In its third quarter of fiscal 2012, which ended in November, Red Hat's revenues rose by 23.1 per cent to just a hair over $290m, with support subscription revenues for its various open source products accounting for $246.5m (up 29.2 per cent) and training and professional services revenues hitting $43.5m (up only 18.4 per cent).

Red Hat also managed to keep sales, marketing, research, and development costs from keeping pace with subscription sales, and therefore the black ink at the bottom line was 47 per cent thicker, at $38.2m.

For the nine months ended in November, Red Hat had $836.1m in sales (up 25.8 per cent) and brought $110.7m to the bottom line (up 50.1 per cent).

Red Hat ended the quarter with $808.3m in cash and equivalents, down thanks to the $136m acquisition of open source cluster file system maker Gluster. Red Hat has no debts, and $819.6m in short-term and long-term deferred revenues, most being short-term.

Obviously, Red Hat is still the poster child – more of a pin-up teenager with 1970s hair these days – for how to commercialize open source software. No other company has come even close to the sales and profit levels that Red Hat has generated from open source software, and some might argue that no one else ever will, either.

It's also clear from the numbers that Red Hat's growth for sales and profits is slowing a tiny bit as fiscal 2012 progresses; some of that is tough compares, some of it is the dicey economy. But the fact of the matter is that Red Hat has pretty much been unaffected by the Great Recession – or better still, it's well-positioned for it.
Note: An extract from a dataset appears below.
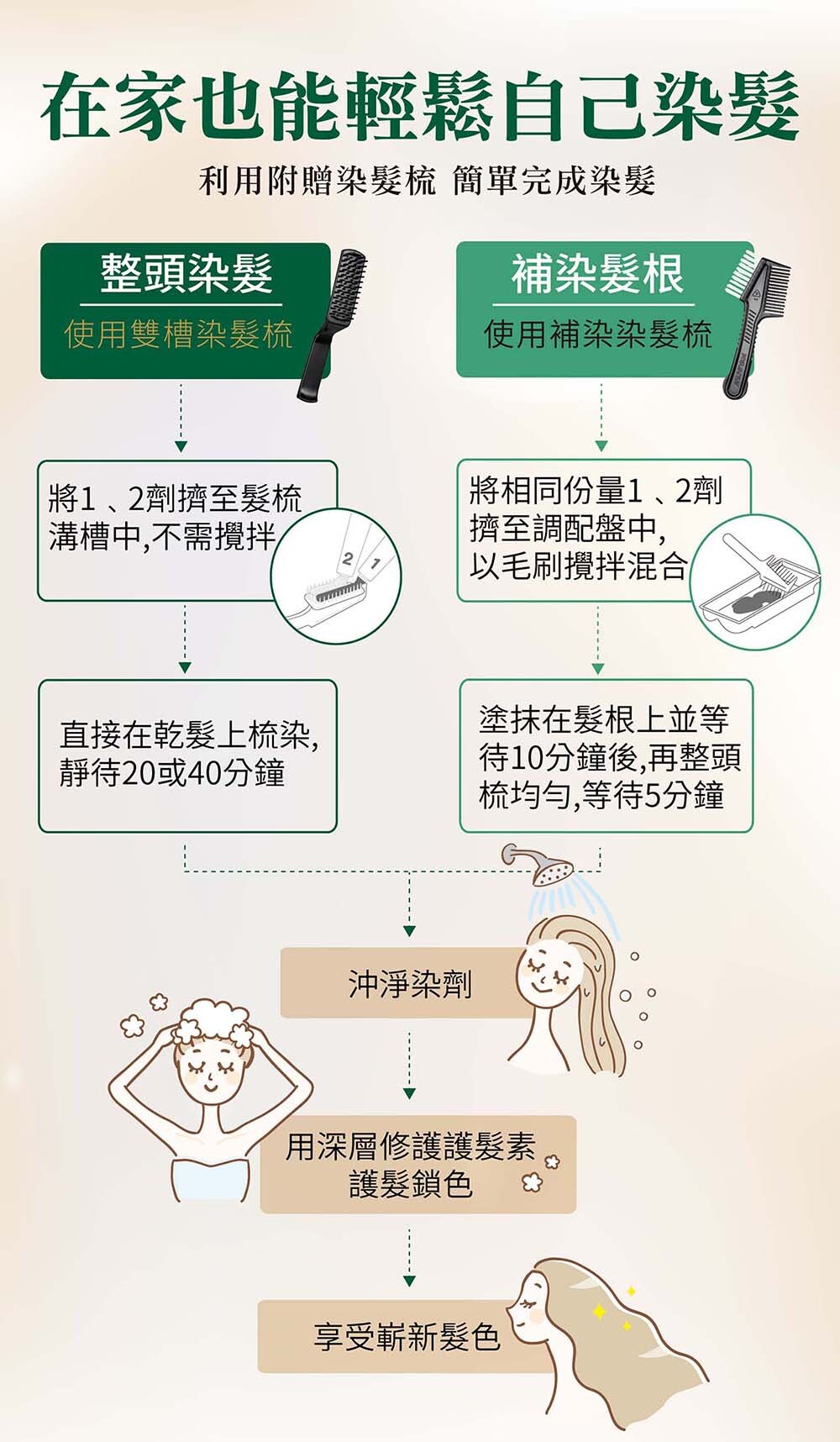 包裝及圖文髮色僅供參考,個人染髮髮色會因染前深淺度、髮質、頭髮受損程度、室溫、染劑用量、染劑停留於頭髮放置時間長短而有所差異,每人實際染出之果不同屬正常現象。

"When the economy is weak, we do well, and when the economy is slowing, we also tend to do well," explained Charlie Peters, Red Hat's CFO, during a conference call with Wall Street analysts after the market closed. That's because open source software is an alternative to proprietary and Unix systems as well as an alternative to Microsoft's Windows.

Red Hat will clearly break through the $1bn annual revenue mark in its fourth fiscal quarter, with sales expected to be in the range of $289m to $292m. But even at that level, Jim Whitehurst, Red Hat's president and CEO, said that the company had barely dented its addressable markets.

Whitehurst pegged the worldwide server operating system market at about $20bn a year in revenues, with middleware at about $10bn, server virtualization at about $5bn, and unstructured data storage at $4bn and "exploding." That gives Red Hat about 3 per cent of its total addressable market. (Of course, open source software has a habit of shrinking TAMs because the code is there for someone else to sell support around, and there is no perpetual license to have to upgrade.)

In the third quarter, all of Red Hat's top 25 deals renewed, and did so at 130 per cent of the value of their original deals. That's lower than the 150 per cent renewal rate for the top 25 deals in Red Hat's fiscal Q2, but Peters said that Q2 was an outlier and that 130 per cent was more typical.

Of the top 30 deals that Red Hat did in the quarter, 27 of them were for more than $1m – a new record for the company – and five were worth over $5m. In aggregate, the revenue from the top 30 deals in Q3 fiscal 2012 was up 69 per cent compared to the year-ago quarter.

Some very big financial services and technology companies, as well as some big governments, bought lots of Red Hat support in the quarter, Peters said. A dozen of the top 30 deals in the quarter had a JBoss middleware component, and four of the deals were only for middleware.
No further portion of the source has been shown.